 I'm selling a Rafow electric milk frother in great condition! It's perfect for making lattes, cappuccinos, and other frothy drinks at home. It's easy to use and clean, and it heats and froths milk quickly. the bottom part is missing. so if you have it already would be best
* * *
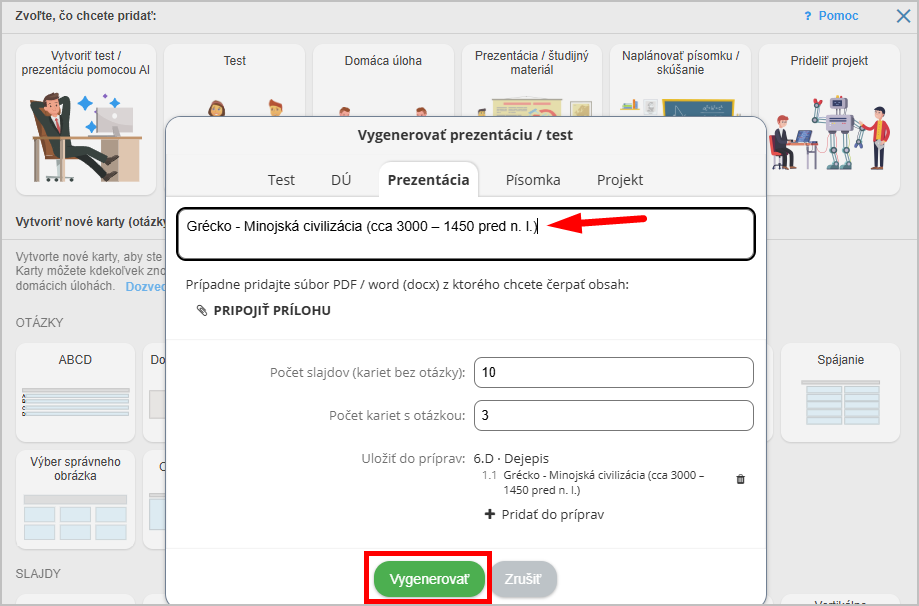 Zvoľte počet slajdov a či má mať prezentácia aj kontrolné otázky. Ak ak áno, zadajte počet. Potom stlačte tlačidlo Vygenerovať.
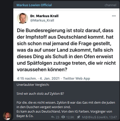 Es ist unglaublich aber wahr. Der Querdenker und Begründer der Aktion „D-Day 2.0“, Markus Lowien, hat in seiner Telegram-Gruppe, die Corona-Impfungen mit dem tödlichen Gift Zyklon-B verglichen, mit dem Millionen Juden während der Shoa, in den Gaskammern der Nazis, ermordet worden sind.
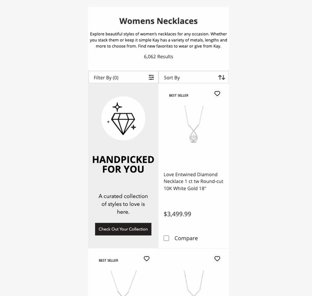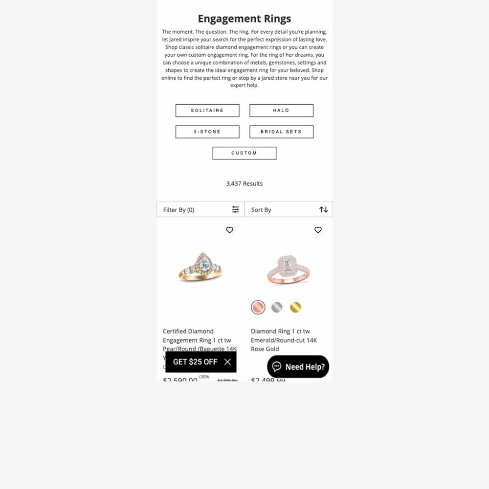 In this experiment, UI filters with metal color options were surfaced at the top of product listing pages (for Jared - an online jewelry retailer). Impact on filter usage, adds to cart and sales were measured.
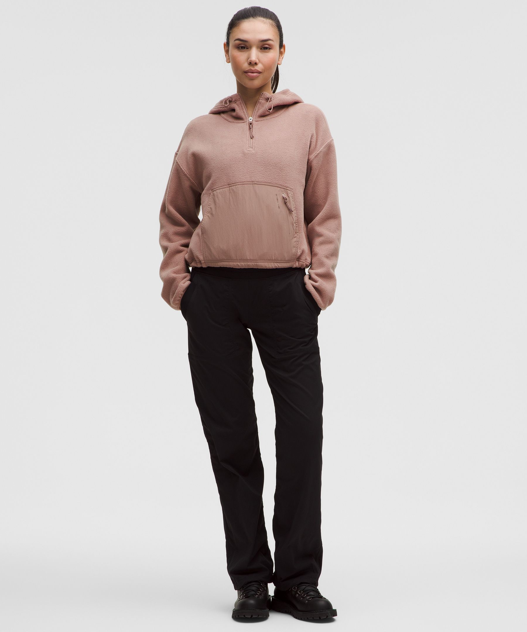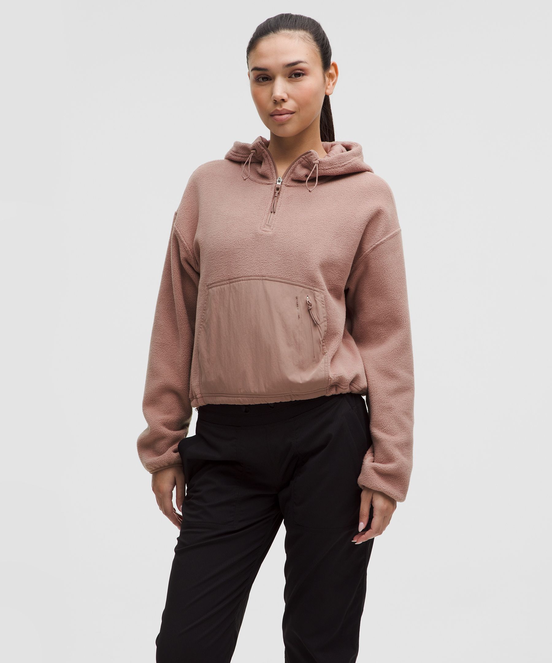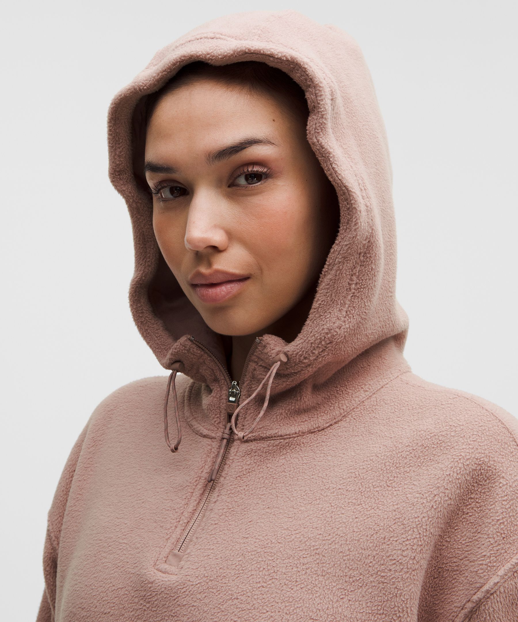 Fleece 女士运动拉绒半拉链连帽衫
==
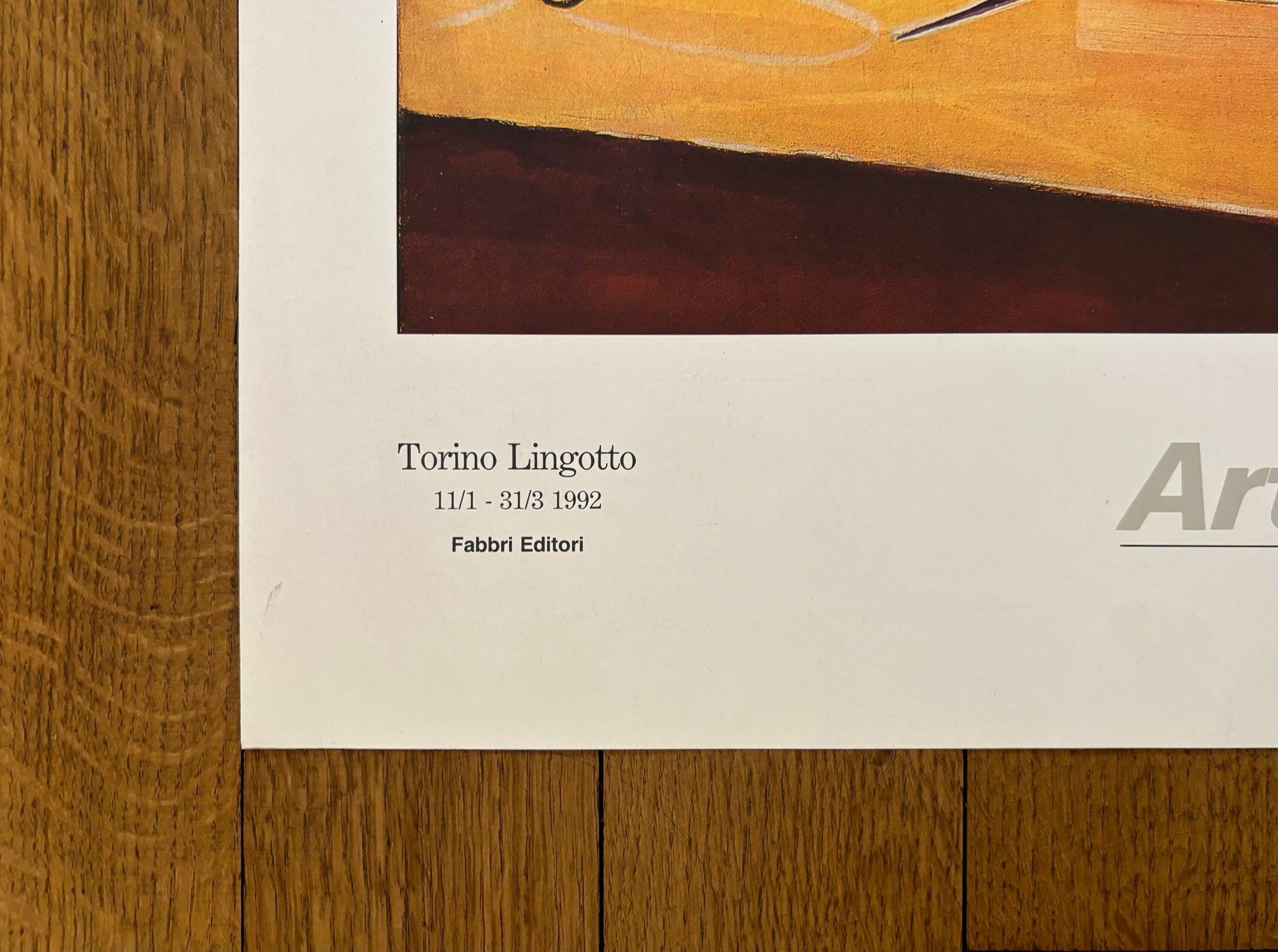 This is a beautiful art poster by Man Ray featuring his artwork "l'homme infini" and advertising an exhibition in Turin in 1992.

• _WHAT IS REQUIRED_
Reproduce the listing above exactly from the line containing "Zvoľte počet slajdov" up to and including the line containing "Fleece 女士运动拉绒半拉链连帽衫", omitting any images and everything outside those lines.

• _EXPECTED ANSWER_
 Zvoľte počet slajdov a či má mať prezentácia aj kontrolné otázky. Ak ak áno, zadajte počet. Potom stlačte tlačidlo Vygenerovať.
 Es ist unglaublich aber wahr. Der Querdenker und Begründer der Aktion „D-Day 2.0“, Markus Lowien, hat in seiner Telegram-Gruppe, die Corona-Impfungen mit dem tödlichen Gift Zyklon-B verglichen, mit dem Millionen Juden während der Shoa, in den Gaskammern der Nazis, ermordet worden sind.
 In this experiment, UI filters with metal color options were surfaced at the top of product listing pages (for Jared - an online jewelry retailer). Impact on filter usage, adds to cart and sales were measured.
 Fleece 女士运动拉绒半拉链连帽衫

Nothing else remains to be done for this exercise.